The Polish power grid system was, however, linked up to the Western European grid, thus increasing the country's energy security in the case of emergency and making it possible for Poland to sell surplus power. Poland's grid operator  Polskie Sieci Energetyczne(PSE), the largest seller of electricity in Poland, is also looking for revenues from other sources. It has invested for example in the telecommunications sector, buying shares in companies offering mobile phone services and inter-city fixed line telephone services. PSE has also engaged in a new project to link up to the net via the power grid. Soon it will be possible to use the Internet via computer and ordinary electrical socket. A telephone line will not be necessary. Thanks to activity outside the energy sector the power sector has noted high profits in recent years.

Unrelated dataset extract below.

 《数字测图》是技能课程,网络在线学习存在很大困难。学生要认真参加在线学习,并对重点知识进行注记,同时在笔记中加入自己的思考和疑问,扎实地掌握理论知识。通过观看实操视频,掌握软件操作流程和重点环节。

In Polish energy policy, as in EU policy, one can notice a clear rise in the importance attached to protection of the natural environment . Activities have been undertaken aimed at eliminating the sources, not just the symptoms, of pollution, for example. A key element in this strategy will be a greater role played by renewable energy sources. The necessity of setting up such technology was expressed clearly in legislation in Poland in July 1999. The share of renewable energy in Poland is gradually rising. Amongst other things, this is due to: the significant increase in the use of wood and wood-related sources, the setting up of several geothermal heating systems, several wind-powered power generators and many small water-powered generators, many heating plants and generators powered by gas from communal refuse dumps.

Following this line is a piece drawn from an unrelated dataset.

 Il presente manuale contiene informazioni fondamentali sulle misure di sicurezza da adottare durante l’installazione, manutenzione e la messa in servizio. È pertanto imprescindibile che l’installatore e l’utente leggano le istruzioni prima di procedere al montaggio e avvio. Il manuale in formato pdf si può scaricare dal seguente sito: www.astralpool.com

Reform of the coal industry Polish is closely linked to changes coming into effect in the energy industry. Having said that, the main source of energy in Poland remains coal, though it in recent years its share has consistently fallen. The multi-year plan to reform mining comprises, amongst other things, limiting production by closing unprofitable mines, reducing employment (with high compensation for miners at the same time), modernizing production and privatizing the mines. The first two points have in large measure already been realized - almost 40% employment reductions, and 23 out of 64 mines closed. There are also examples of mines, which, thanks to lower employment and simultaneous modernization of production, have managed to turn profits for the first time in many years. 

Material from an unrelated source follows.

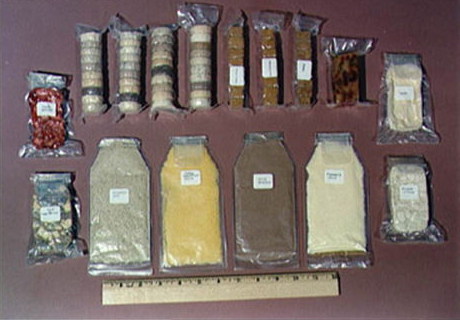 美國宇航員的一份太空食品。照片中包括:蘑菇湯,橙柚汁,可可飲料,菠蘿汁,雞肉與肉汁,梨,草莓,牛肉和蔬菜。
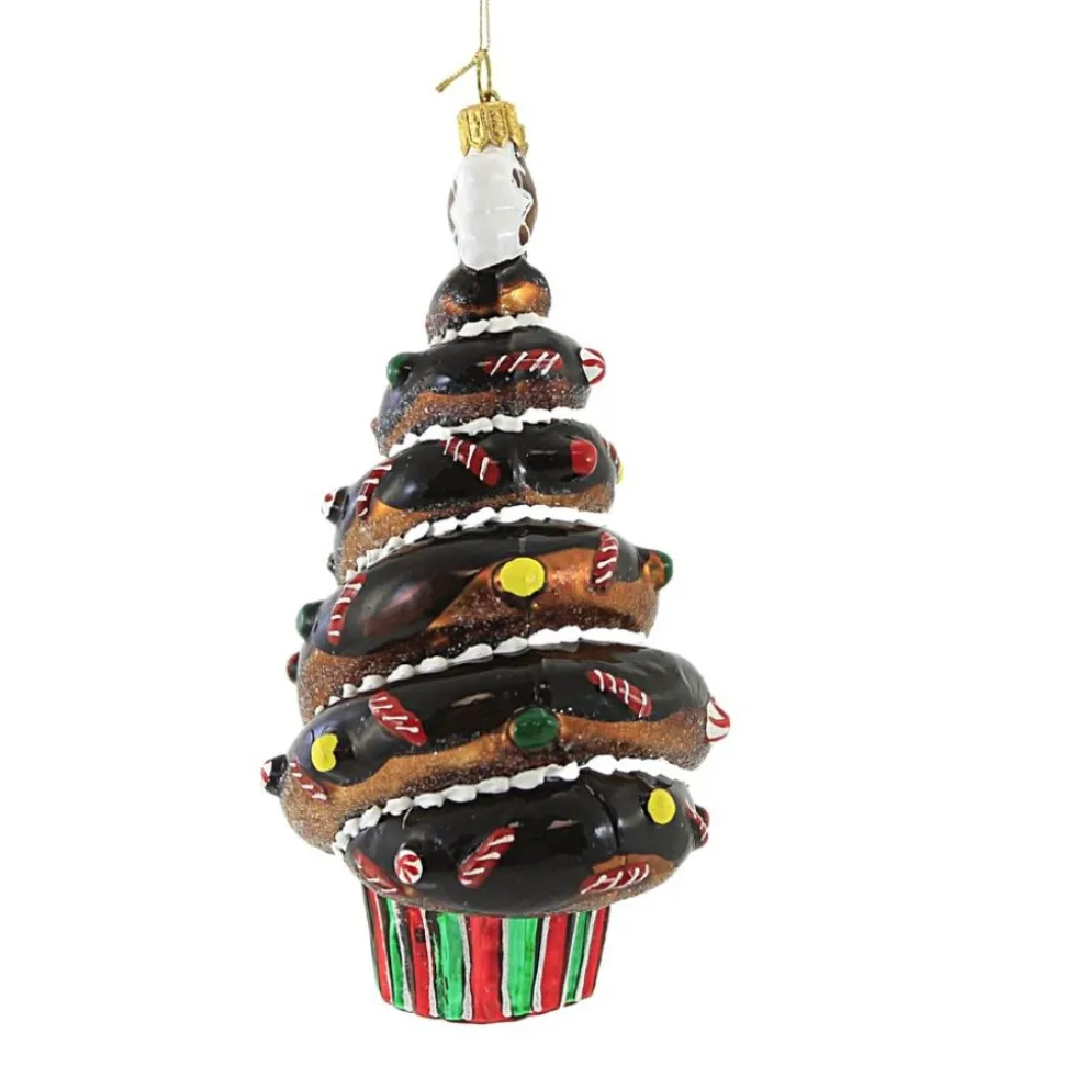 Huras, Chocolate Christmas Tree Sweets Pastry Cake, This Tasty Treat Of Swirled Chocolate Confection Is Iced In A Dark Glossy Cocoa With Iridescent Glitter Inside A Red And Green Striped Holder With A Gingerbread Tree Topper. Each Tier Is Decorated With Peppermint Swirled And Striped Treats And Solid Colored Candies. S641

Brown coal mining is also an element of the mining sector. Poland has for many years ranked high on the world list of producers. The situation here is significantly better and the basic reforms needed in hard coal mining are not needed. This is mainly down to the low costs of exploitation (via the opencast method) and transport, as directly neighbouring brown coal mines is power generation plants. The largest seams are located in the area of Belchatow (in central Poland). The power generator there provides power to about 20% of consumers in Poland.